The ones that are worse never do get better.
Another problem with mass feedback is lack of consistency. Different people with different equipment and different skills are trying to do the same thing, and it’s not surprising they get different results.
Let’s look at equipment, for instance. When we started the CPU Database, you essentially had three factors: how fast the CPU could run, the degree of cooling used, and how fast PCI devices could be overclocked.
The Coppermines tossed in some additional items. The type of memory you had became a big factor in whether your processor reached the desired speed or not. In some cases, an overclocked AGP speed for a video card was the determining factor. The type of motherboard became a significant factor.
You keep adding possible limiting factors to the formula, and it gets more and more difficult to figure out what is limiting somebody. I remember cases where people could only get to say, 138Mhz with a system, and the reason why it couldn’t go further might have been due to three or four separate items. Without further information and/or testing, you simply would not know which one or ones caused the reason.
People are another big factor. If I see a substandard result, is it because the equipment is subpar, or the person running it? At what point and on what grounds do you toss results out in any analytical interpretation because you think the tester is an idiot?
At the other extreme, if you have a hypercompetent user who knows every trick in the book, and invented a good number of them, are those results representative of what the average person should expect (knowing that people often just look at the top results in forming their expectations)?
How Much Is Too Much?
I think people like our CPU Database because it’s easy and quick both to enter data and to look at it.
However, for the reasons I’ve pointed out, life has gotten more complicated since the time when we’ve started it. It’s still a good guide, but it could be better.
We could ask for more information, but how many more questions could we ask before you get tired of the whole process and stop filling it out?
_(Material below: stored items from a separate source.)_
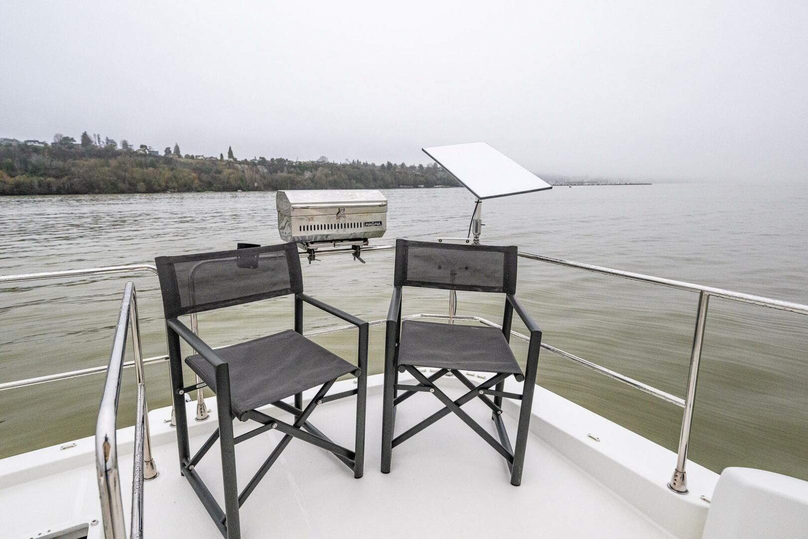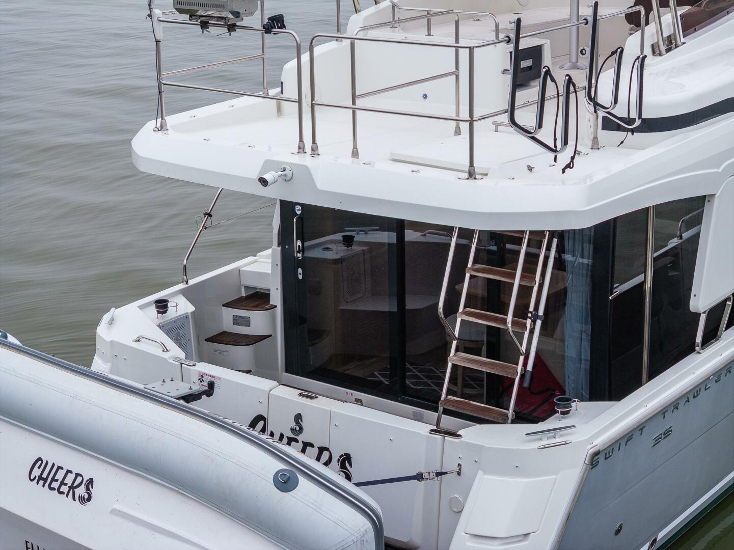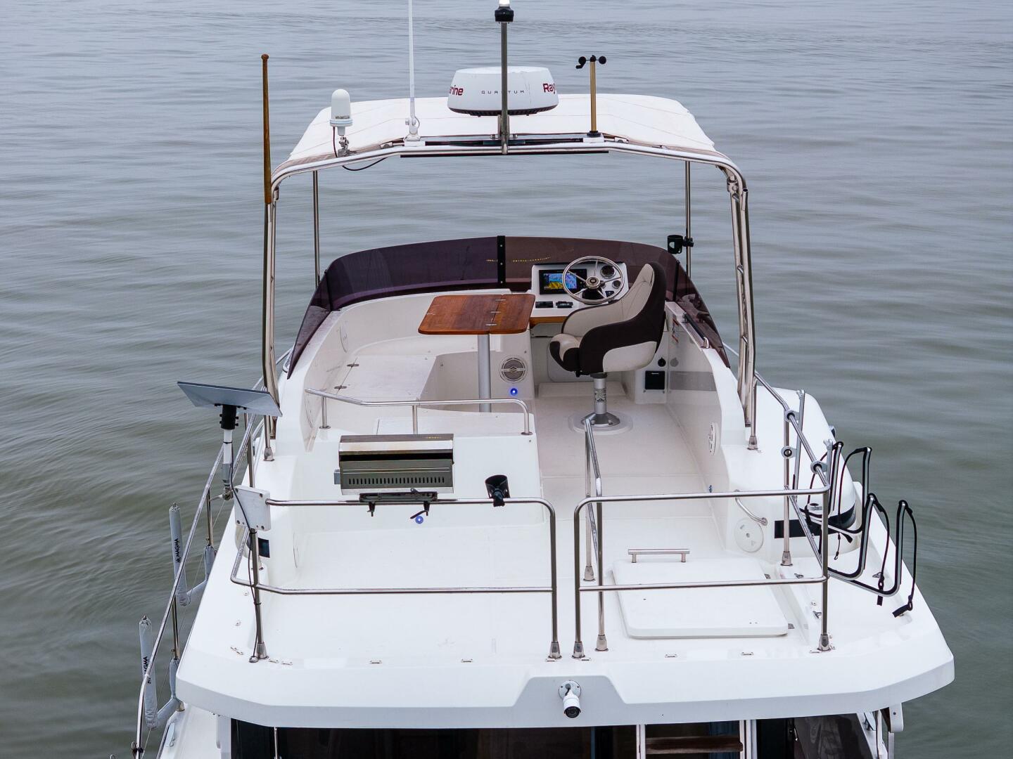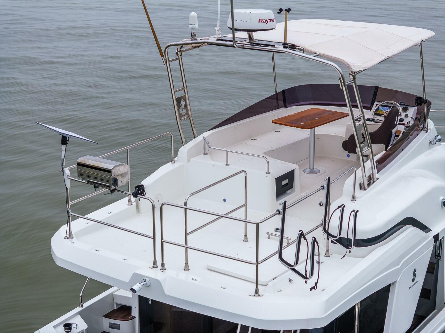 - Stainless steel pulpit surrounding aft of flybridge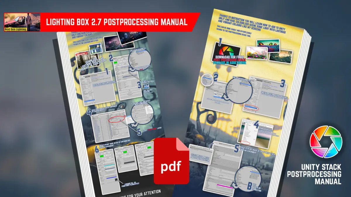 - Inclue two pdf manuals with postprocessing setup (Unity Stack and LightingBox2)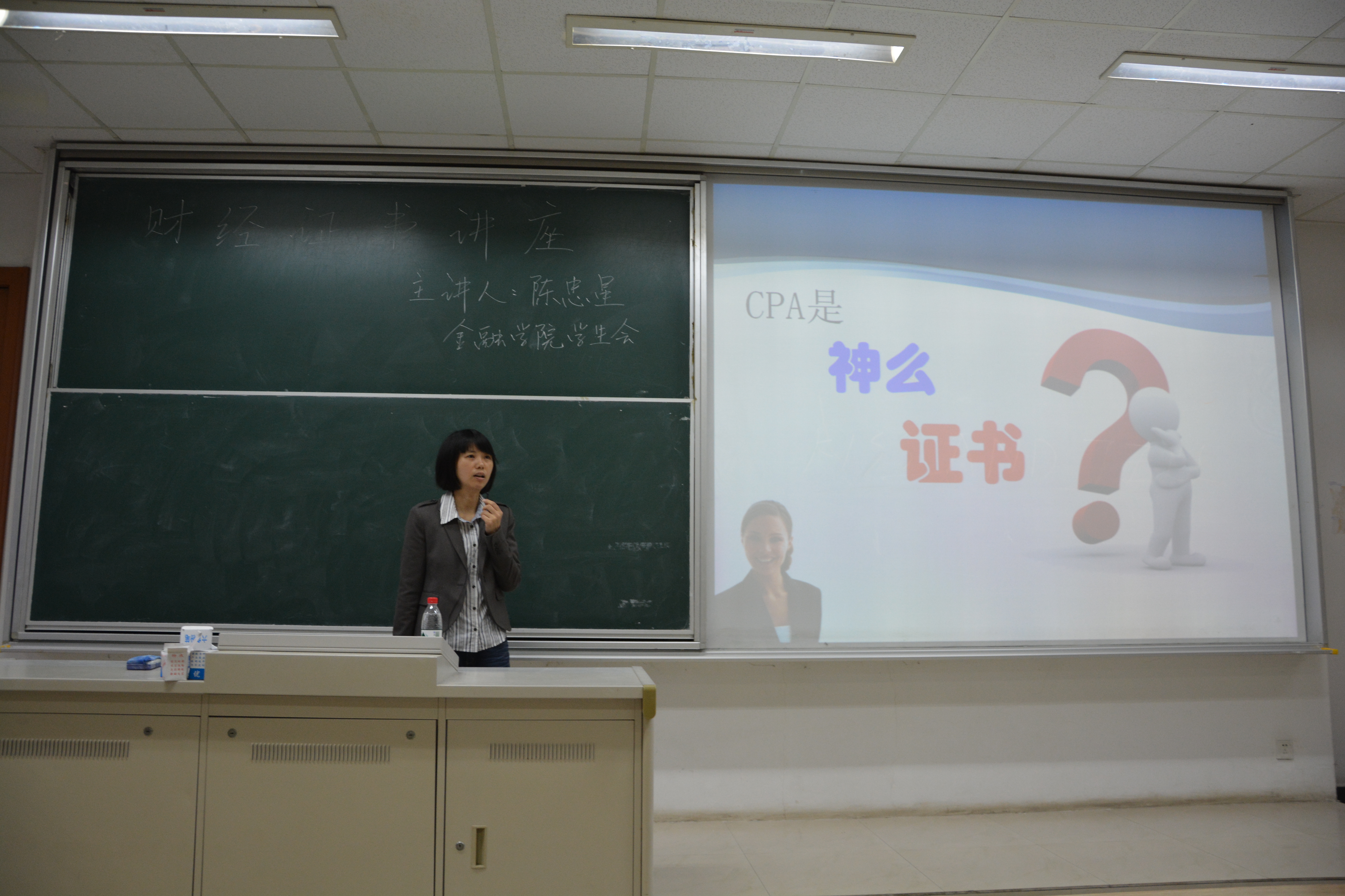 5月24日晚六点半,由至尊全讯555050学生会主办的财经证书讲座在教C103准时举行,此次讲座邀请到了有十年注会培训经验、国家高级注册会计师陈忠星女士作为此次的主讲人,并为我们讲解CPA、CFA证书的有效获取方法。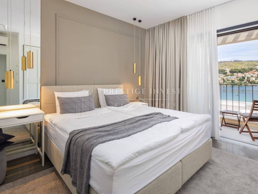 We are selling a beautiful modern villa with a pool, located in the second row to the sea on the island of Čiovo. This luxurious villa with a landscaped garden of 501 m2 is located only 30 meters from a beautiful pebble bay.

How many more factors could we go into before you stop reading it?
We get the impression most of you don’t spend a lot of time perusing the numbers and comments we currently have, and wonder if you’d want to look at several times more data if it were available.
We believe many of you would much rather read a quick summary of what you can expect rather than gaze at numbers.
We also think you’d like to know more than performance: reliability and problems with particular items.
We’ve been discussing and working on ways to provide you with this information, but this is really rough.
So We Ask You
I’d like you to send me an email answering the following questions so we can get some guidance on what you do now, and what you’d like to see.
1. When you use the CPU Database, how do you use it? Do you spend a lot of time looking at all the numbers and figures and comments, or not?
2. How important do you find the comments in our current CPU Database in making a buying decision?
3. Assuming we came up with bigger, more inclusive databases covering more areas of the computer than just the CPU, what items would you consider important in making buying decisions? What features would you like to see?
4. How much time and/or how many questions would you be willing to answer to feed the database? How much would be too much in your eyes?
5. If you had to choose between a brief synopsis analyzing the results of the database, or just getting all the raw data to interpret for yourself, which would you prefer to look at most of the time?
6. If you had to choose between two products, and one was the fastest available, but was very quirky, and another was 5% slower, but completely reliable, which would you prefer?
7. What would you like to know about the reliability of a product? Are you interested in how difficult it is to install or to get a product working? At what point would you would be discouraged from buying a product due to reliability?